Task: Leave out the pictures and output exactly the lines below from the one with "Обеденный стол Emphasis" down to the one with "2頭身で眠そうな、もこもこの", both of them included.

Available records:

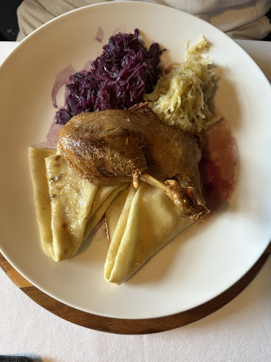 Read moreV tejto reštaurácii sme mali firemnú večeru z práce kde sme sa rozhodli že si dáme husacie hody. Vyžiadali sme si vinnú kartu a rozhodli sa pre víno Primitívo, ktoré môžem vrelo odporúčiť. Je to skvelé a cenovo prijateľné víno, ktoré má charakteristickú a nezamenitelnú chut, Predjedlá: Keďže nás bolo viac tak sme si vybrali z každého druhu predjedal. Každé z predjedál bolo skvelé. Najviac nám chutili predjedlá z húcacej pečienky a creme brulee s vykrmenej pečienky,čučoriedkami a ooečený chlieb.Tu by som poznamenala, že v jedálnom lístku píšu že dostanete k tomu opečený chlieb, no bol to iba jeden krájec toastového chleba, ktorý nebol postačujúci k množstvu pečienkového krému. Tak sme si doobjedali domáci chlieb. Tatarák si veľmi pochvaľovali tiež. Hlavný chod. Už bola trošku iná pesnička. Kačacie štvrťky boli dosť suché, kolegynke vadilo že v dusenej kapuste cítila veľké množstvo škorice. Ostatným to neprekážalo skôr si to pochvaľovali, takže toto je vyslovene o chuti. Tí čo si objednali hus,tvrdili že bola síce mastnejšia ale mali veľmi málo mäsa. Sťažovali sa na pocit akoby len ohlodávali kostí. Ja som si dala viedenskú roštenku s fritovanou cibuľkou a zemiakovým pyré. Tomuto jedlo by sa nedalo takmer nič vytknúť. Zemiaková kaša bola skvelá, krémová jemnej konzistencie, fritovaná cibuľka chrumkala pod zubami, a nebola vôbec mastná bolo to skvelé. No nemilo ma prekvapila viedenská roštenka, na ktorú som nevedela či si mám vyžiadať mlynček z kuchyne alebo mi to má niekto predžuť. Mäso bolo tuhé, ťažko sa krájalo a ešte ťažšie jedlo. Keď nám čašníci priniesli hlavné jedlo odišli a k stolu sa nevrátili dosť dlhú dobu, s tým že sme ich vyhliadali. Niektorým z nás chýbala na stole nejaká maličkosť, masť na lokše, ktoru si chcela vypýtať kolegynka a poniektorí z nás potrebovali doliať pohár vina. Nemáme radi ak sú čašníci príliš často pri stole, ale zase je zvykom že vždy po servírovaní jedla sa prídu spýtať či je všetko v poriadku, či nám niečo nechýba potom nás nechajú v kľude vychutnať si jedlo. Možno vedeli že nám nepriniesli požadovanú kvalitu a radšej sa báli ukázať pretože následne po hlavnom chode, boli vždy nápomocni, ústretovi a nablízku keď sme ich potrebovali. Dezert káva super. Gaštanové pyré skvelé, a KREMES to bola jedna veľká pohroma, spodný krém chutil ako nedochutené žlté želé a šľahačka bola umelá s veľkým množstvom stužováča. Celkové hodnotenie :predjedlá hodnotíme všetci v rámci celého 8 clenneho teamu za 100 bodov. S hlavným jedlom to už bolo o niečo horšie. A koláče všetko super, jedine neodporúčam krémeš. Nevravím že by som sa do tej reštaurácie nevrátila je tam krásne prostredie blízko Dunaja a sadu Janka Kráľa, ale dala by som si predjedlo, dezert gaštanové pyré o nad hlavným jedlom by som veľmi dlho uvažovala. Možno to bola veľká zhoda náhod že v ten večer tam mali vyše 80 hostí, no bolo by mi veľmi ľúto keby táto reštaurácia stratila úroveň, ktorú si dlhé roky budovala. Reštaurácii želám veľa spokojných zákazníkov a...
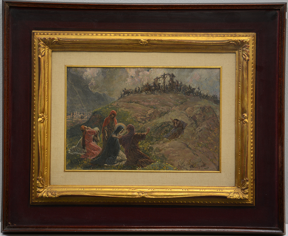 Vittorio Giunti (1894 - 1964) "Maria e le pie donne ai piedi del Golgota" olio su compensato (cm 26x39) Firmato in basso a destra. In cornice (lievi difetti)
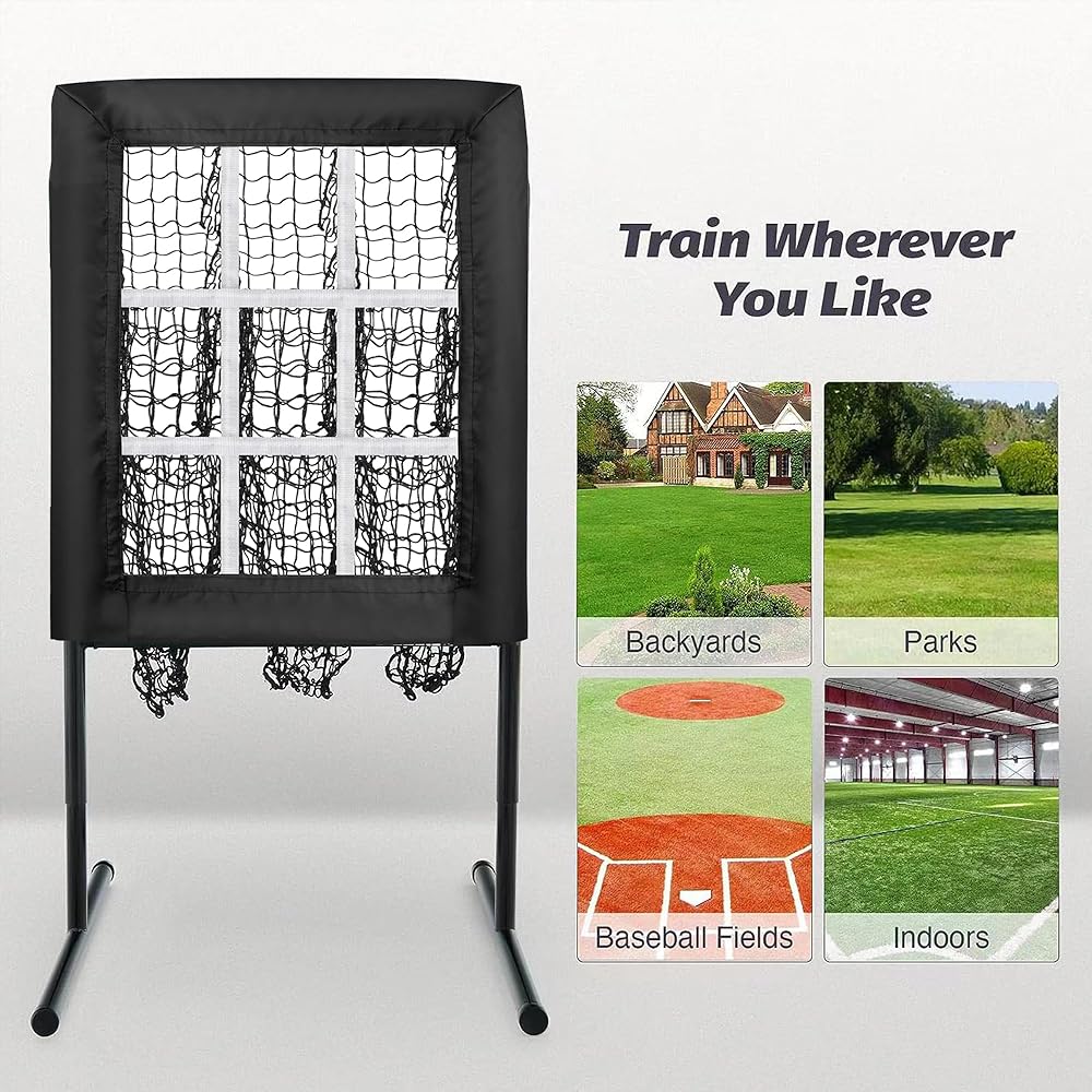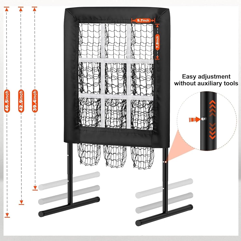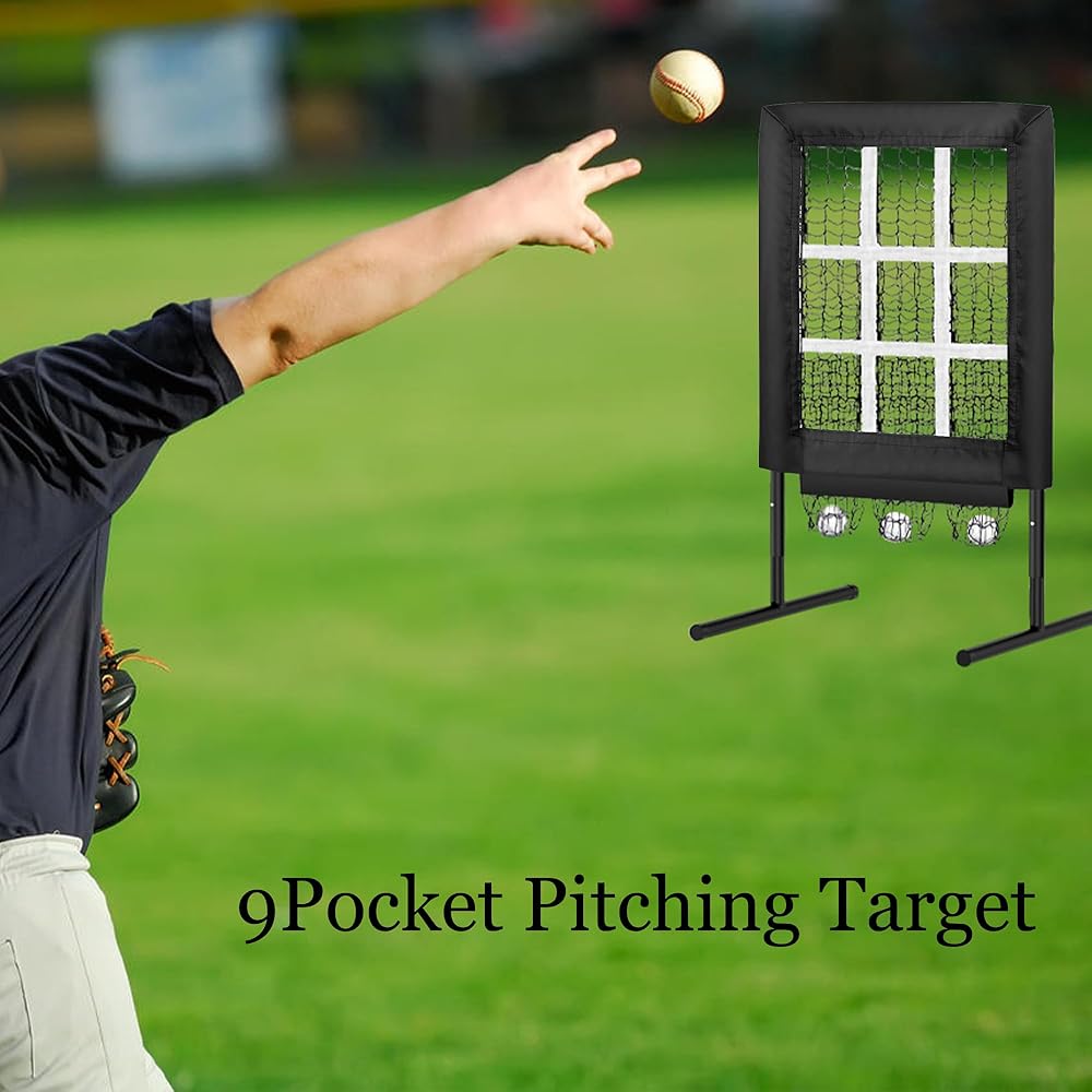 9 Pitching Targets - It can help you practice different types of pitches, such as fastballs, curveballs, and sliders. You can also use it for batting and throwing drills, as well as softball practice. 9 pockets, making them easy to see and aim for. You can also adjust the height and angle of the net to suit your preferences and needs.
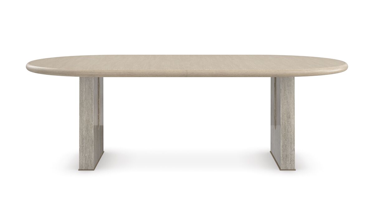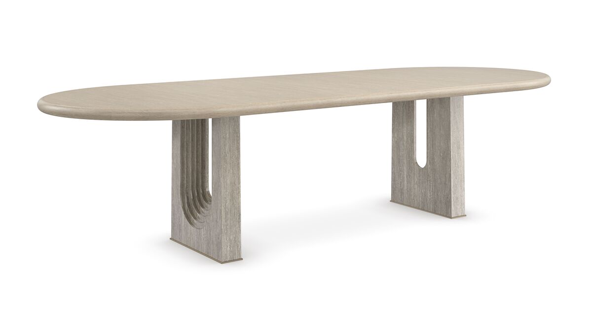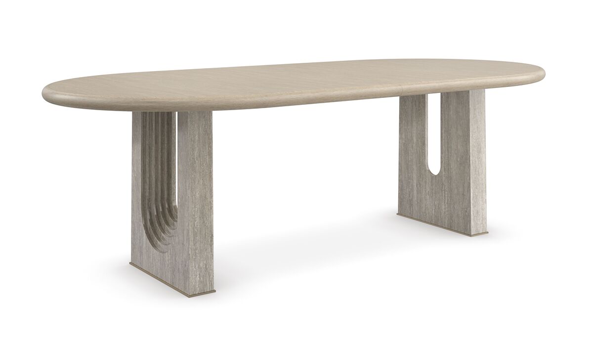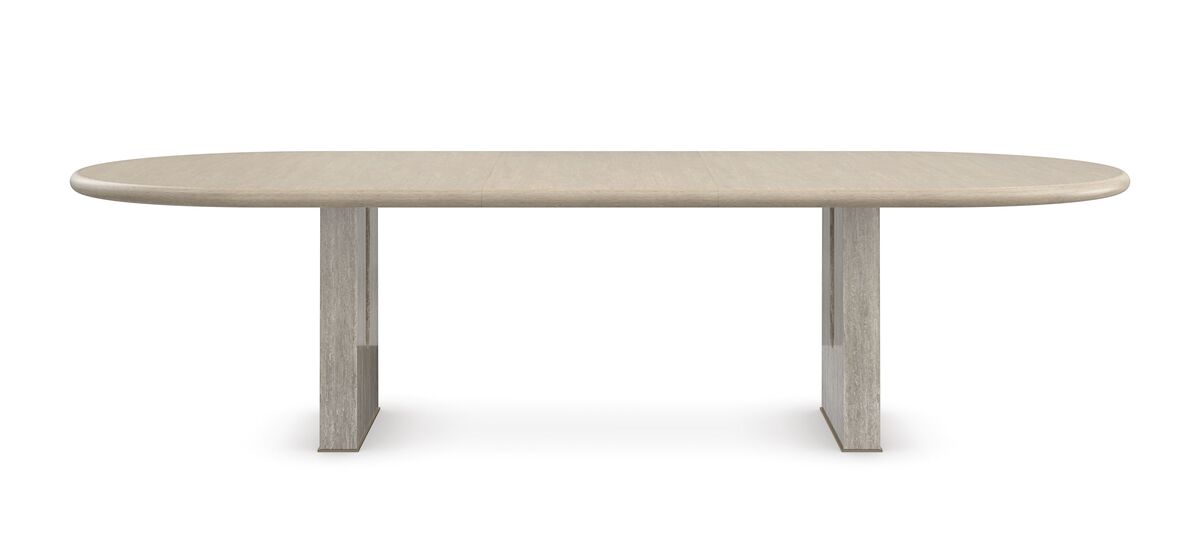 Обеденный стол Emphasis с расширенной столешницей выделяется благодаря изысканным деталям, призванным привлечь внимание и подчеркнуть  уникальность. Элегантная овальная столешница из дуба, искусно обработанного солнцем, создает пространство, достаточное для комфортного уединения гостей. Неотразимыми особенностями этого стола являются ножки в стиле парсуны с резко расширяющимися арками, тщательно выделанные из камня Silver Travertine и дополненные отделкой металлом Lucent Bronze Metallic.
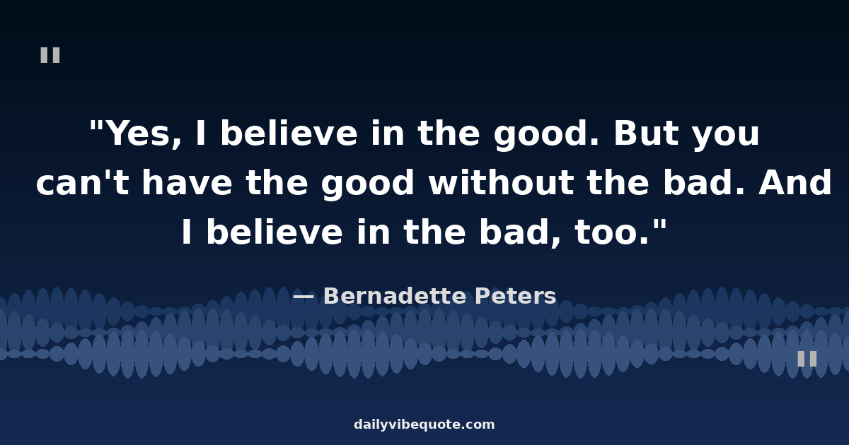 "Yes, I believe in the good. But you can't have the good without the bad. And I believe in the bad, too."
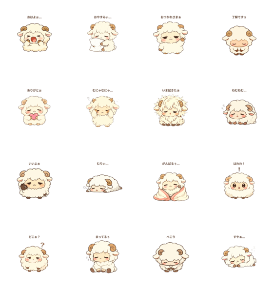 2頭身で眠そうな、もこもこのひつじのスタンプです。ゆるい言葉使いで、日常のトークを優しく彩ります。
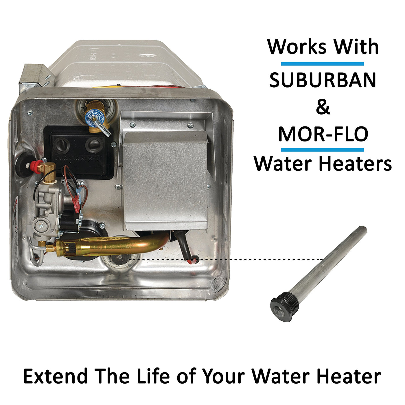 Preserve The Quality & Prolong The Life Of Your Rv Water Heater With Our Premium Anode Rods!Worried About Your Water Heater Tank Being Corroded? Water To Prolong The Tanks Lifespan? If You Want To Prolong The Life Of Your Water Heater Then Its Time To Replace Your Rusty Old Anode Rod!This Water Heater Anode Rod Is Made Using The Highest Quality Magnesium To Provide Long-Lasting Use And Protect Your Water Heater Tank From Corrosion To Ensure It Keeps Running Smoothly For Years To Come.Made To Deliver Unrivaled Quality & Functionalityour Trailer Water Tank Rod Absorbs The Corrosive Action Caused By Hot Water Resulting In A Water Tank That Makes Sure That Your Rvs Water Heater Keeps Running Without You Worrying About It Breaking Down.Why We Use Magnesium? Its Softer And Attracts Harmful Water Deposits Better Than Aluminum Rods Preventing Them From Attacking The Tank To Make Sure It Stays Damage Free And Provides Long-Lasting Use.Why Its Right For You:? Absorbs The Corrosive Action Caused By Hot Water? Prolongs The Life Of Your Water Heater Tank? Made Using High Quality Magnesium For Enhanced Performance ? Compatible With Most Suburban And Mor-Flo 6 Gallon Water Heaters? Prevents Rusting Of Your Rv Water Heaterreplacement Anode Rodthe Outdoor Water Heater Tank Anode Rods Serve A Critical Purpose, But Generally Wears Out After A Few Years Of Faithful Service Which Is Why You Should Purchase A Replacement Water Heater Anode To Let You Make The Switch Easily Without Having To Deal With Low-Quality Anode Rods. Click On The Add To Cart Button Now To Order Today And Make Sure Your Water Heater Stays Rust And Corrosion Free With Our Magnesium Anode Rods.
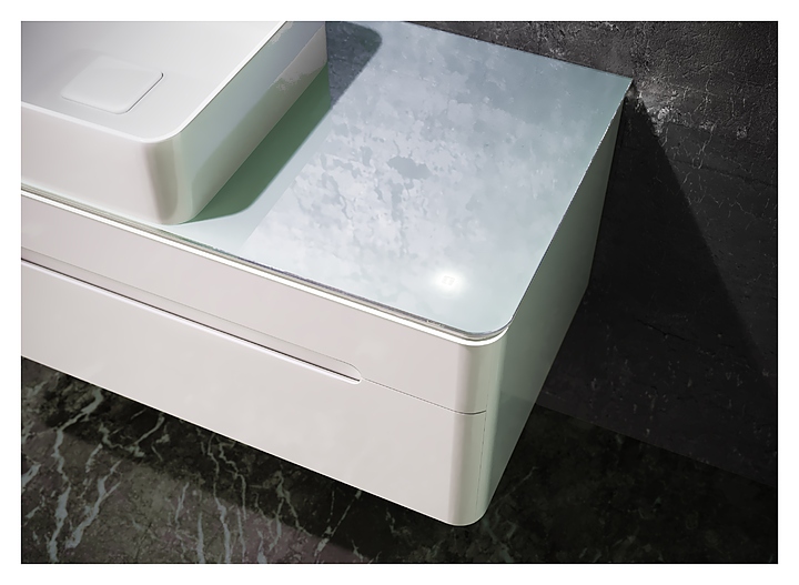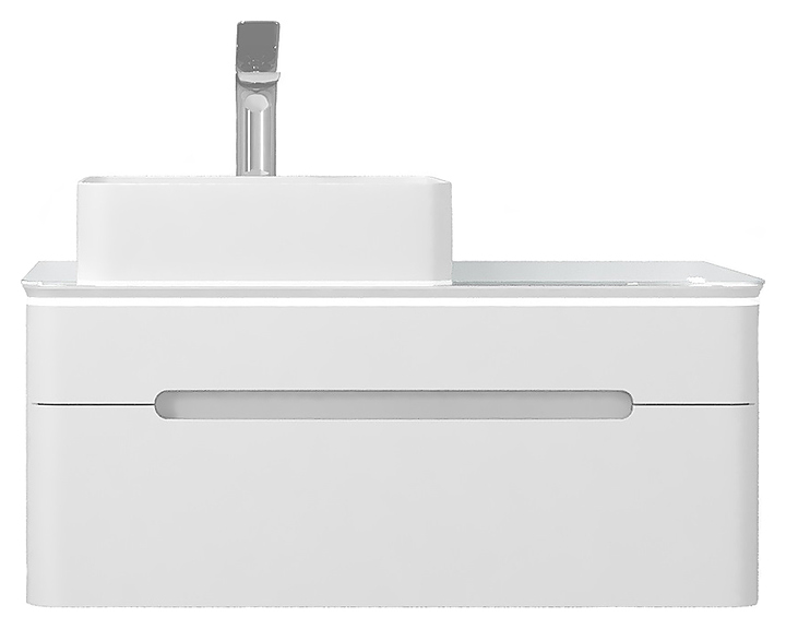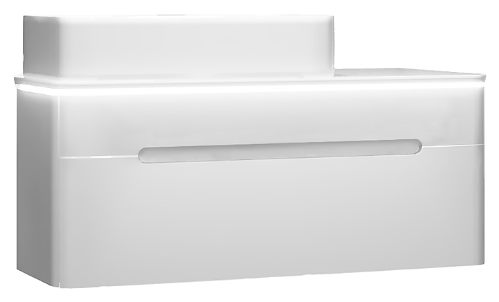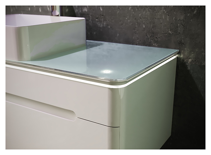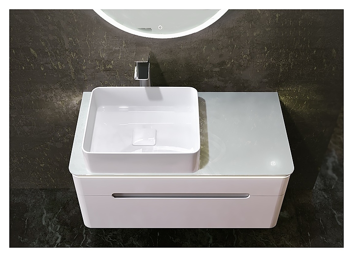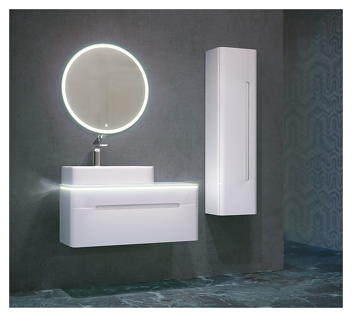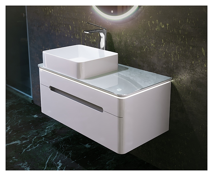 Тумба Jorno Shine 90 Shi.01.90/P/W сочетает в себе лаконичность и функциональность. Подвесная конструкция и отсутствие ножек создают иллюзию парения в воздухе и упрощают уборку. Столешница изготовлена из стекла Lacobel и подсвечена сенсорным выключателем с регулировкой яркости освещения. Корпус и фасад выполнены из МДФ и покрыты белой глянцевой ПВХ пленкой, предназначенной для использования во влажных помещениях, что обеспечивает изделию привлекательный внешний вид, а также износостойкость и долговечность. Тумба используется вместе с раковиной MELANA-7050H 0085176. Изделие поставляется с комплектом креплений. Особенности:

Solution to the problem:
 Обеденный стол Emphasis с расширенной столешницей выделяется благодаря изысканным деталям, призванным привлечь внимание и подчеркнуть  уникальность. Элегантная овальная столешница из дуба, искусно обработанного солнцем, создает пространство, достаточное для комфортного уединения гостей. Неотразимыми особенностями этого стола являются ножки в стиле парсуны с резко расширяющимися арками, тщательно выделанные из камня Silver Travertine и дополненные отделкой металлом Lucent Bronze Metallic.
 "Yes, I believe in the good. But you can't have the good without the bad. And I believe in the bad, too."
 2頭身で眠そうな、もこもこのひつじのスタンプです。ゆるい言葉使いで、日常のトークを優しく彩ります。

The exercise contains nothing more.